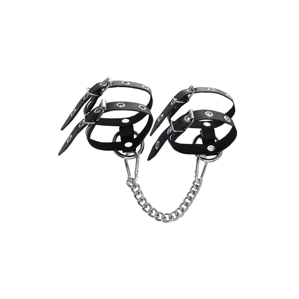 Эти однослойные кожаные оковы из двух ремешков могут стать стильным аксессуаром, а могут послужить вашим целям по своему прямому назначению. Частичное обездвиживание и невозможность двигать руками или ногами дают вам полную власть над партнером – взрослые игры для взрослых. Наличие двух колец и карабинов, соединенных между собой металлической цепочкой, позволяет использовать изделие как раздельно – аксессуар-манжеты, так и как оковы для фиксации. К широким металлическим кольцам также можно присоединить и другие аксессуары при помощи карабинов. Благодаря универсальному размеру оковы могут использоваться и мужчинами, и женщинами. Размер легко регулируется с помощью металлических пряжек, органично вписывающихся в общий стиль. Длина манжет - 30 см, ширина ремешков - 1,6 см. Длина сцепки - 19 см.
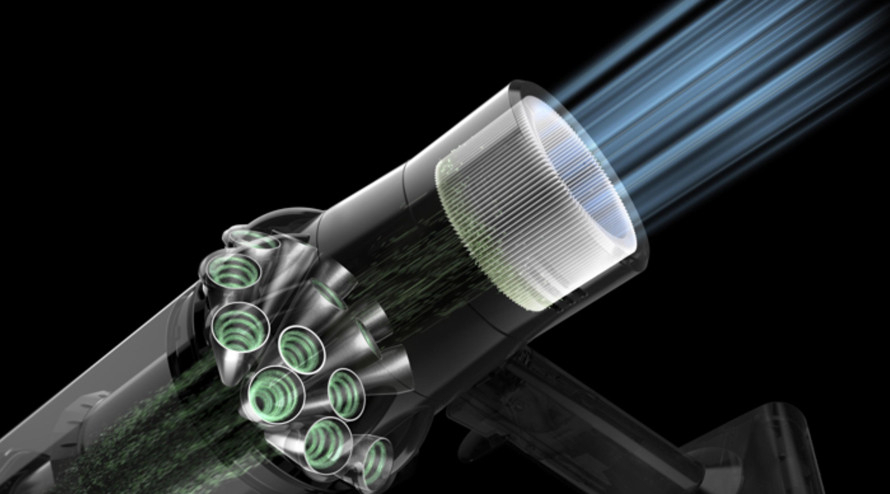 Tehnologia ciclonului, 14 Ciclone împreună cu filtrul HEPA captează părul, praful, alergenii și murdăria, contribuind astfel la un aer mai curat. Filtrarea absoarbe particulele până la PM 0,3, curățănd aproximativ 99% din aer.
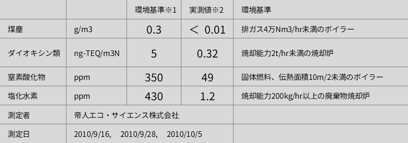 ※2 燃焼が安定した後、ダイオキシン類は約5時間の平均値、その他は約1時間の平均値
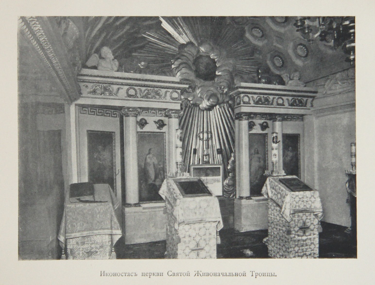 Церковь Св. Живоначальной Троицы была построена в 1812 г. по распоряжению крупного государственного деятеля князя Александра Николаевича Голицына (1773-1844), обер-прокурора Святейшего Синода, управляющего иностранными вероисповеданиями и министра народного просвещения. Для того времени было характерно активное проникновение в Россию масонства и мистицизма, и А.Н.Голицын был одним из ярких представителей этого духовного направления. Он был президентом знаменитого Библейского общества и ряда филантропических организаций. Вновь построенная церковь несла на себе отпечаток мистических настроений ее создателя, это проявилось во внешнем виде и внутреннем декоре храма, далеко уходящем от бытовавшей в то время православной традиции. Интересен и другой факт: А.Н.Голицын начал строительство храма после взятия Москвы Наполеоном, когда в столице нарастала паника, многие даже думали о бегстве из города, на который вот-вот двинется войско грозного завоевателя. Таким поступком А.Н.Голицына был удивлен и царь, но князь сумел доказать ему свою правоту. Церковь стала чрезвычайно необычным памятником времени и архитектуры, росписи в ней создавали лучшие мастера эпохи.
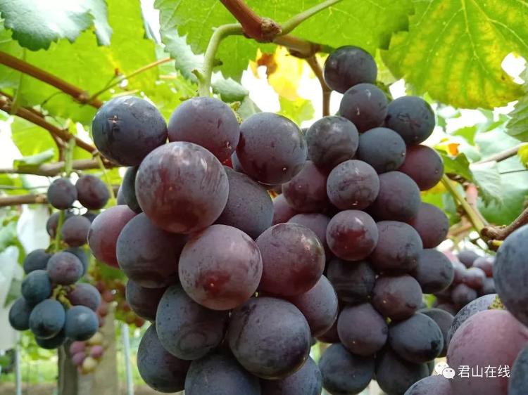 盛夏时节,正逢葡萄陆续上市。6月25日,在君山彭激光葡萄园里,阳光玫瑰、晨香、美人指、黄密、夏黑、巨峰等10多个葡萄品种都来赴约相聚。果实成熟待人摘,惹醉前来的观光食客。
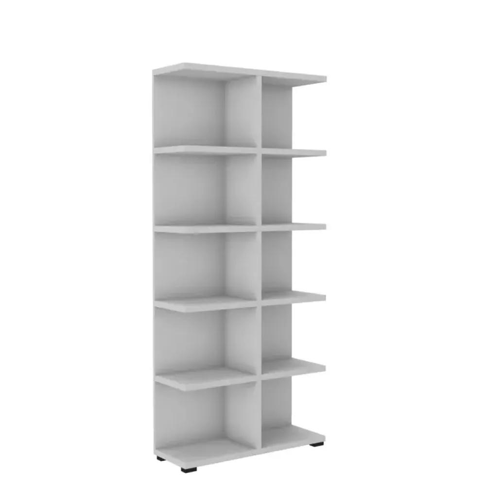 - Szary regał wyposażony w osiem półek zapewni Ci dużo miejsca na ulubione książki, czasopisma, czy pamiątki z rodzinnych wakacji. Regał ma 83,2 cm szerokości.
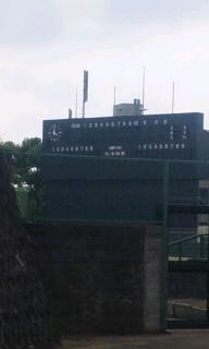 球場外周を一回り。うーん、こんな雰囲気だったかな?外野からバックネット方向を見た感じがなんとなく…(ホントか?)、現在のグラウンドは両翼100m、中堅122mということで、実はそこだけ見るとこまちと変わらない。一番の泣きどころは照明設備がないことだそうだ。
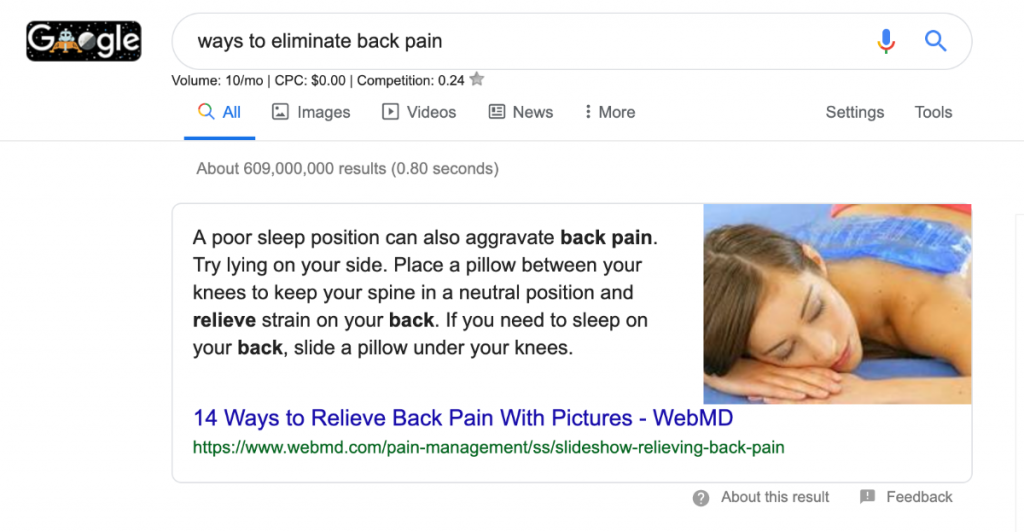 Em termos simples, o Google está optando por destacar uma resposta específica a uma pergunta de qualquer site de conteúdo. A resposta é muitas vezes um único parágrafo de um conteúdo inteiro. Mas não é incomum que o Google use várias frases juntas. Parece que é mais importante que as palavras-chave sejam uma correspondência do que qualquer outra coisa.
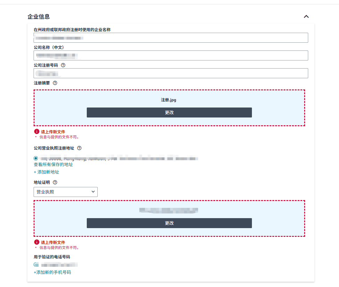 我在用香港公司注册亚马逊,然后没过,需要重新提交资料,麻烦大佬们看下这几项需要哪些文件填写
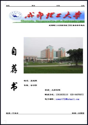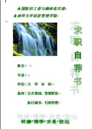 自荐书封面,自荐信封面,求职
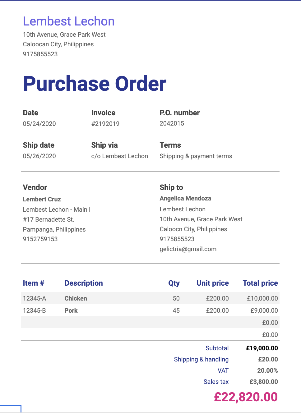 Sample purchase order
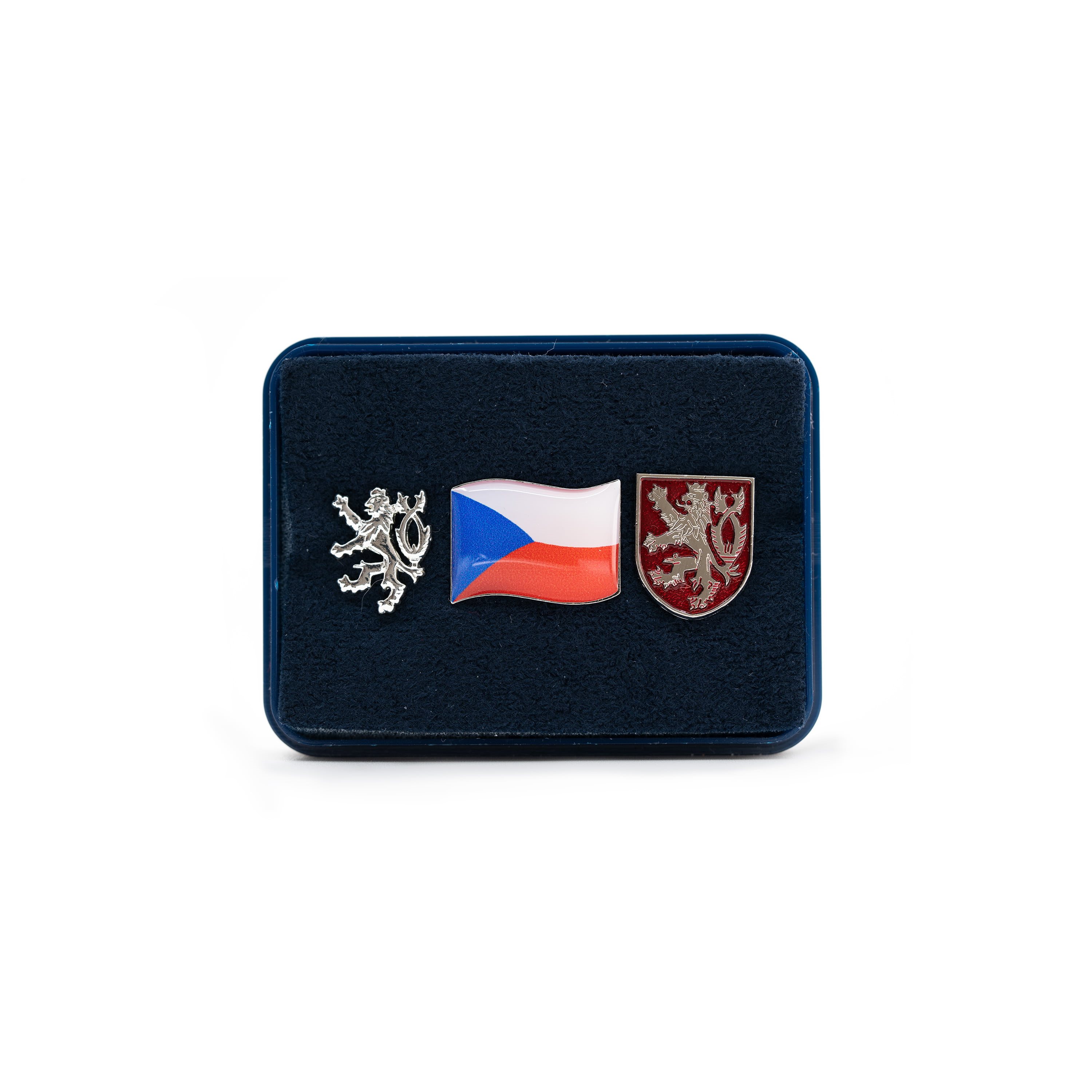 Ensemble comprenant le drapeau de la République tchèque, le lion tchèque et le petit emblème national de la République tchèque. Les insignes sont munis d'une attache à épingle (avec sécurité). Livré dans un coffret cadeau. Fabrication de qualité, produit en République tchèque.
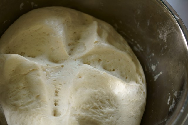 粉と塩を篩ってそこに砂糖とドライイーストをのっけてぬるま湯をかけるてこねてゆるめにラップをする。
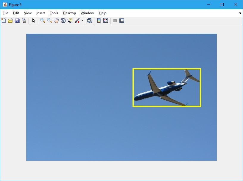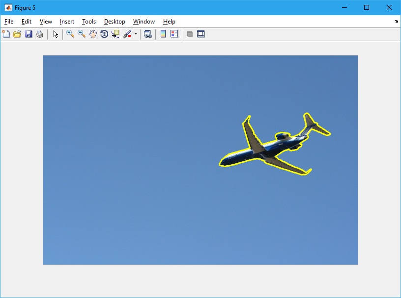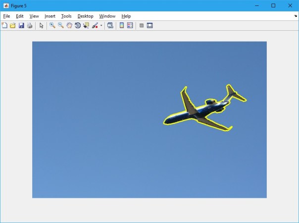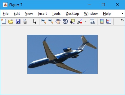 1. Membaca dan menampilkan citra asli. Pada contoh ini citra yang digunakan adalah citra ‘airplane.jpg’ di mana objek yang dikehendaki adalah berupa pesawat, sedangkan background adalah berupa langit.
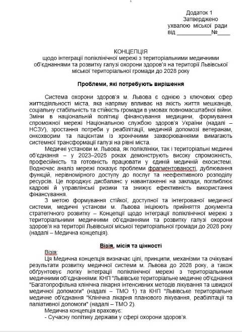 Згідно з ухвалою, затверджується Концепція щодо інтеграції поліклінічної мережі з ТМО та розвитку галузі охорони здоров’я на території Львівської МТГ до 2028 року, що передбачає
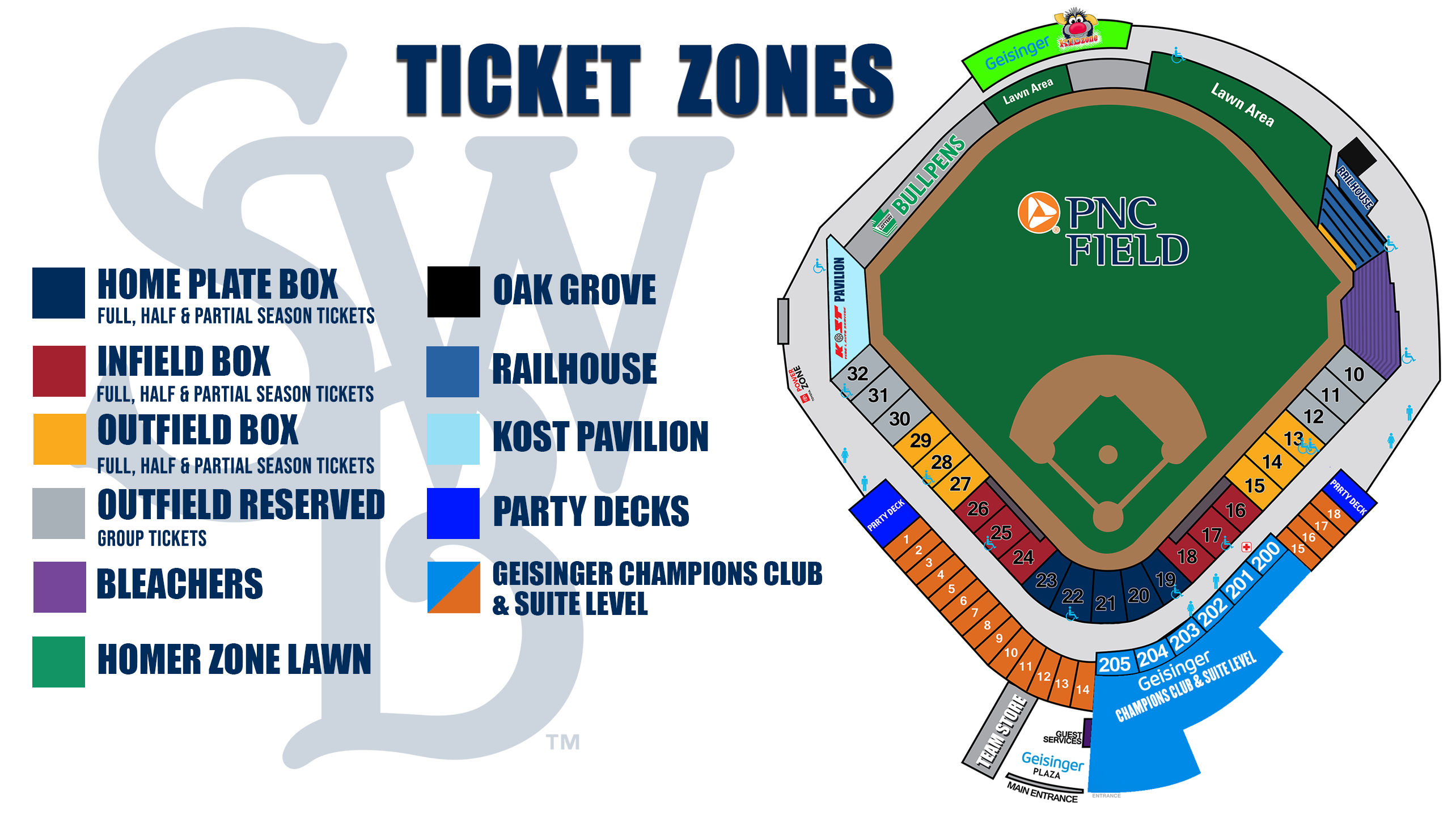 Banana Ball tickets are sold by Ticket Zones. The Ticket Zones below correspond to the ballpark map to the left.
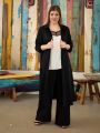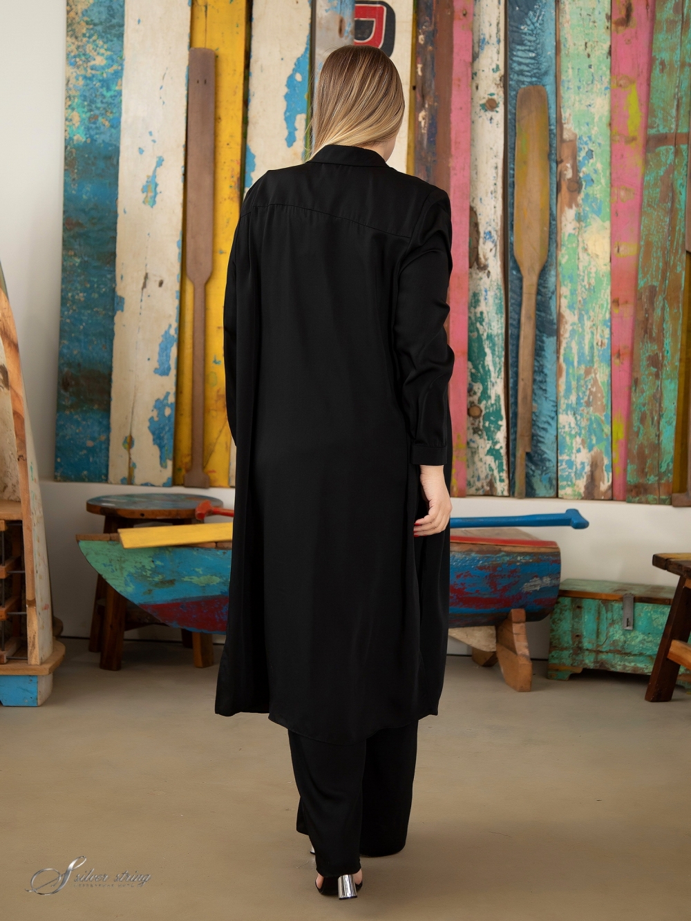 Удлиненный блузон - «шазюбль» прямого силуэта выполнен из шелковистой смесовой ткани. Модель с длинным втачным рукавом на манжете. Обхват манжеты можно регулировать с помощью парных пуговиц. Воротник рубашечный, на стойке. На полочке расположена застежка на пуговицы. В боковых швах обработаны высокие разрезы. Один из главных плюсов шазюбля — его универсальность, отличная способность сочетаться с вещами в разнообразных стилях и дополнять разные комплекты. Шазюбль можно носить с брюками, юбками, платьями; с длинными и короткими вещами, с классической, спортивной и одеждой в стиле «Casual». Второй плюс — способность создавать вертикаль и вытягивать фигуру, скрывая недостатки и добавляя стройности.
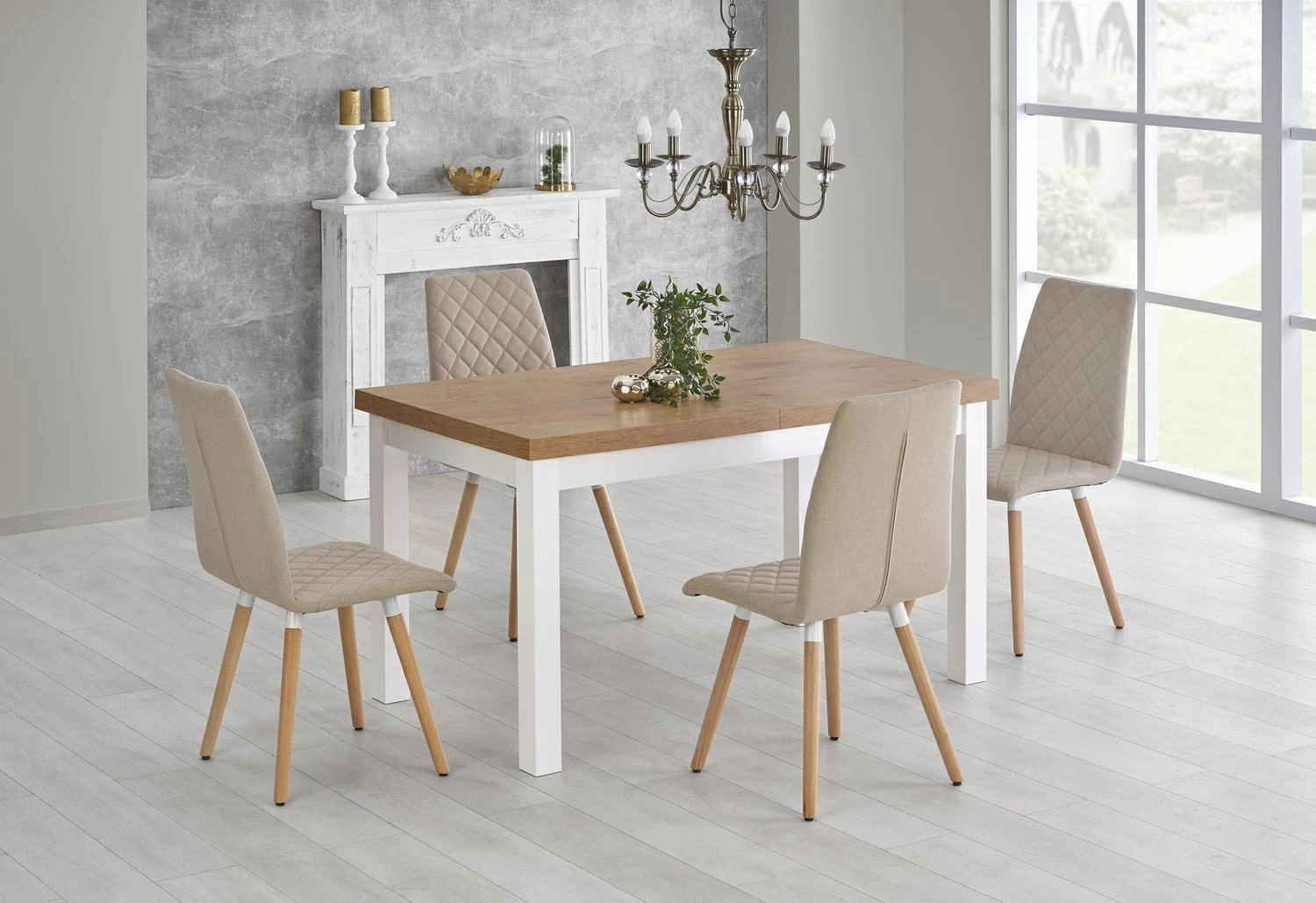 Blat stołu Tiago wykonany jest z trwałej płyty meblowej laminowanej, która jest łatwa w utrzymaniu czystości. Kolor blatu w odcieniu dębu lancelotu nadaje stołu elegancji i ponadczasowego charakteru. Nogi stołu wykonane są z drewna litego bukowego, które gwarantuje stabilność i solidność konstrukcji. Kolor białych nóg wprowadza subtelny akcent do designu stołu. Styl wykonania stołu Tiago to połączenie skandynawskiego minimalizmu, tradycyjnego uroku i boho swobody. To mebel, który doskonale wpisuje się w różnorodne aranżacje wnętrz, dodając im charakteru i osobowości. Wybierając Tiago, inwestujesz w jakość, wygodę i piękno w jednym. Ciesz się niezapomnianymi chwilami spędzanymi wokół tego eleganckiego stołu.
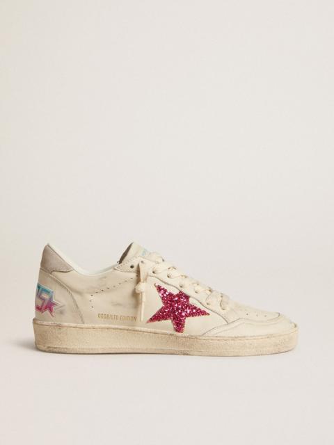 Dreaming of the Eighties. Our Ball Star sneakers have an American college vibe caught between a hoop shot and a skateboard ride. This model with a white nappa leather upper features a red leather star, a pink glitter heel and a white suede tongue with a worn effect. The pink glitter insert on the back, the toe in white crackle leather and the cream-colored laces add the finishing touch: beautiful things that never go out of fashion. DETAILS Item No. GWF00117.F006688.80930 - White nappa leather upper - Red leather star - Pink glitter heel tab - Worn-effect white suede tongue - Pink glitter insert on the back - White crackle leather toe - Cream-colored laces - Vintage finish - Upper: 59% sheepskin leather, 26% cow leather, 10% polyethylene terephthalate, 5% cotton - Lining: 34% cotton, 31% cow leather, 23% textile polyurethane, 8% viscose, 4% polyester - Sole: 100% rubber - Handmade - Made in Italy
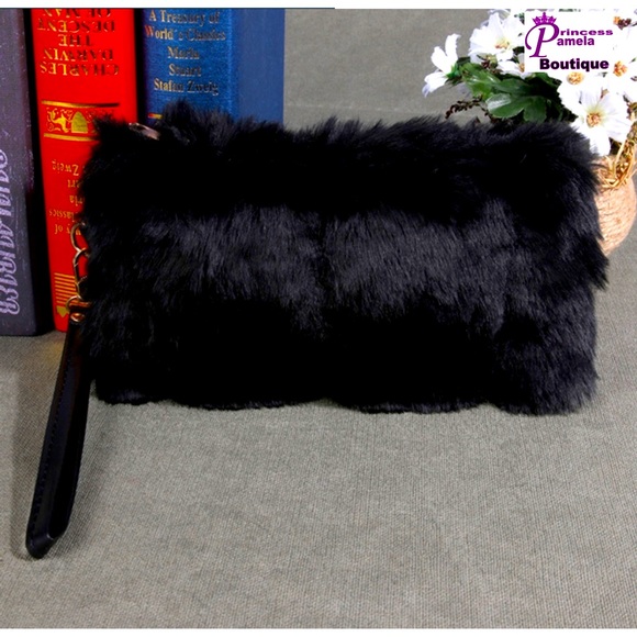 Faux Rabbit Fur Mini Handbag Shoulder Bag or could be worn as wristlet
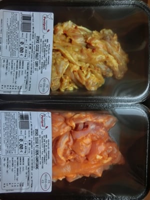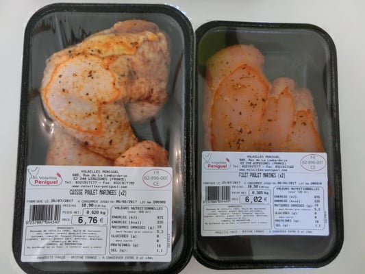 Emincés ou Aiguillettes de poulet provençal, curry, chasseur ou petits légumes (selon la saison) |

Activity: When you reach the line containing "Em termos simples, o" in the entries above, begin restating word for word, and stop once the line containing "粉と塩を篩ってそこに砂糖とド" has been given. Omit the pictures.

Answer for this exercise:
 Em termos simples, o Google está optando por destacar uma resposta específica a uma pergunta de qualquer site de conteúdo. A resposta é muitas vezes um único parágrafo de um conteúdo inteiro. Mas não é incomum que o Google use várias frases juntas. Parece que é mais importante que as palavras-chave sejam uma correspondência do que qualquer outra coisa.
 我在用香港公司注册亚马逊,然后没过,需要重新提交资料,麻烦大佬们看下这几项需要哪些文件填写
 自荐书封面,自荐信封面,求职
 Sample purchase order
 Ensemble comprenant le drapeau de la République tchèque, le lion tchèque et le petit emblème national de la République tchèque. Les insignes sont munis d'une attache à épingle (avec sécurité). Livré dans un coffret cadeau. Fabrication de qualité, produit en République tchèque.
 粉と塩を篩ってそこに砂糖とドライイーストをのっけてぬるま湯をかけるてこねてゆるめにラップをする。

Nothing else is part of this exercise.